IPCC Observations on Impact of Methane from Cattle on Global Warming are a Game Changer
IFA Environment Chairman Paul O’Brien said this week’s IPCC report clearly confirms that biogenic methane from cattle should be accounted for differently as it only stays in the atmosphere for a relatively short period of time.
“This is hugely significant and must be factored into the upcoming climate budgets and sectoral targets,” he said.
“It would be a total nonsense to make decisions based on a metric that is about to be changed fundamentally,” he said.
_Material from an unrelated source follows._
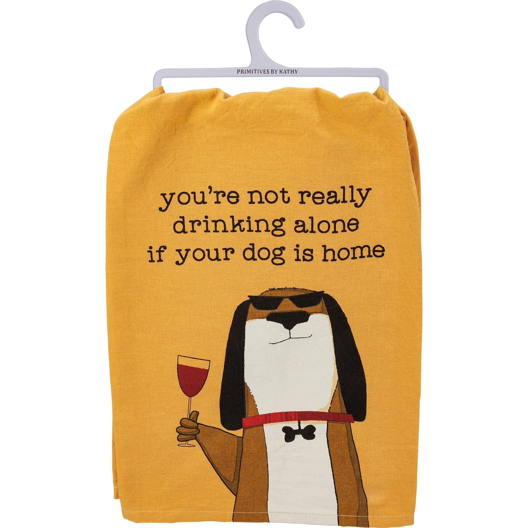 Primitives by Kathy 113839 Kitchen Towel Not Drinking Alone If Dog is Home, CottonBOLD KITCHEN DÉCOR: Fun kitchen towel featuring sentiment and rustic design of a dog holding a glass of wineEASY TO CLEAN: This soft cotton kitchen towel is machine-washableSAY IT WITH SASS: Hilarious, sarcastic or heartwarming - Primitives by Kathy has just the right gift to tell them how you really feelSENTIMENT READS: You're Not Really Drinking Alone If Your Dog Is HomeDESIGNED IN THE USA: Proudly designed in the USA.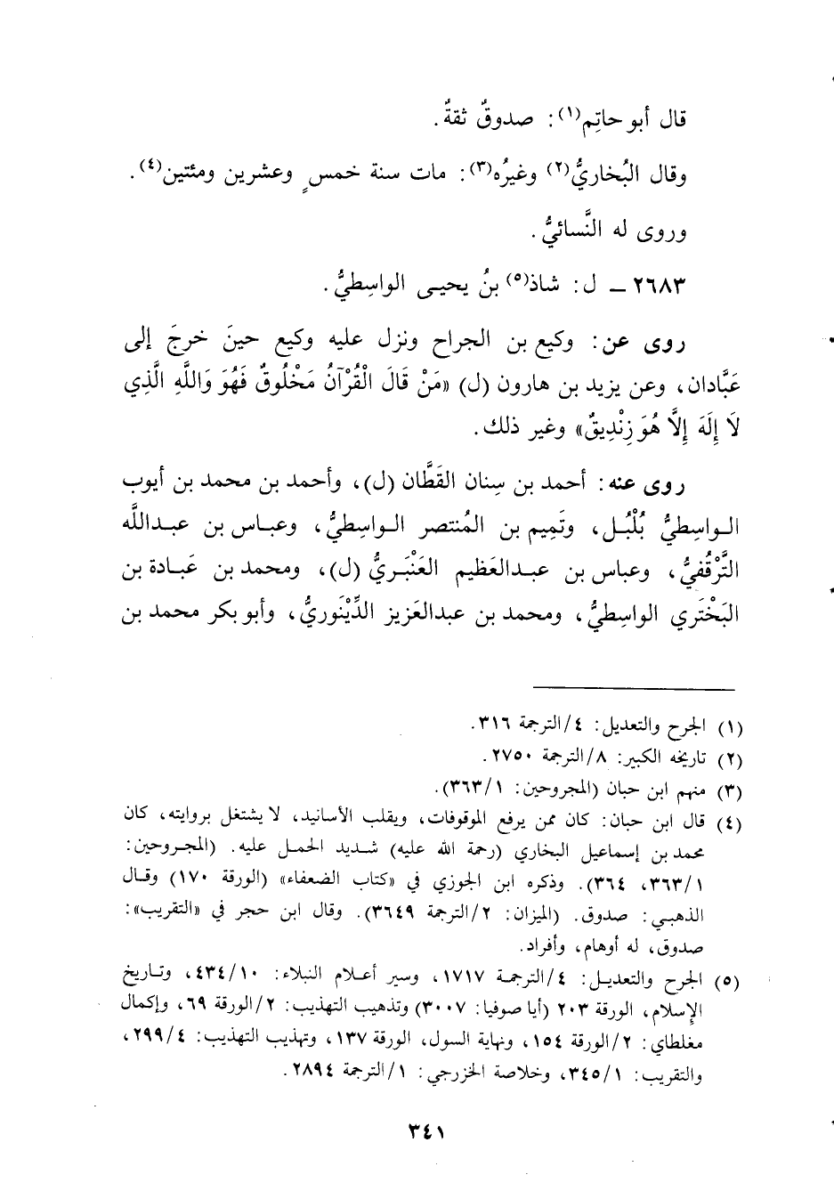 (5) الجرح والتعديل: 4 / الترجمة 1717، وسير أعلام النبلاء: 10 / 434، وتاريخ الاسلام، الورقة 203 (أيا صوفيا: 3007) وتذهيب التهذيب: 2 / الورقة 69، وإكمال مغلطاي: 2 / الورقة 154، ونهاية السول، الورقة 137، وتهذيب التهذيب: 4 / 299، والتقريب: 1 / 345، وخلاصة الخزرجي: 1 / الترجمة 2894.

The IPCC report shows that expressing methane emissions from cattle as CO2 equivalent emissions overstates the effect of methane emissions on global warming, when they are in equilibrium, by a factor of 3-4 over a 20-year time horizon, while it underestimates the impact of new methane sources.
He said using CO2 equivalent metrics are reliable measurements for gases that last hundreds or thousands of years such as carbon dioxide, but it does not work for methane that lasts for approximately 10 years.
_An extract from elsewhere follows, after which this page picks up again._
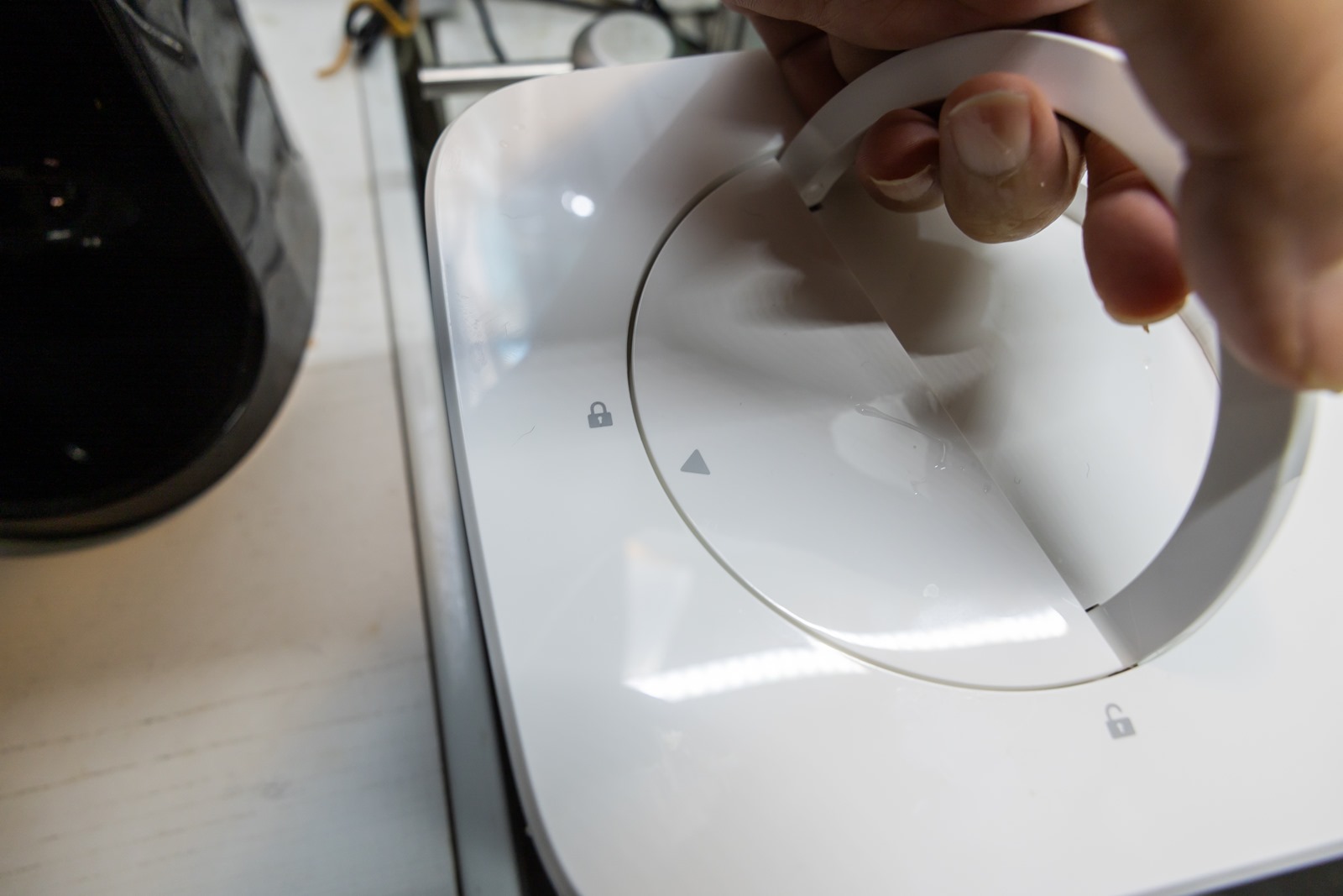如果擔心隱私問題, Pet Marvel 寵物餵食飲水機器人的鏡頭也具備實體隱私遮蓋檔板的設計,可以快速硬體直接關閉/遮蔽鏡頭

The IPCC report states that the new emission metric approaches, such as Combined Global Temperature Change Potential (CGTP) and Global Warming Potential* (GWP*), give a better account for the different physical behaviours of short and long-lived gases.
“The clear acknowledgment of this by the IPCC is a game changer and it must be reflected in policy formulation and how we account for methane emissions in Ireland,” he said.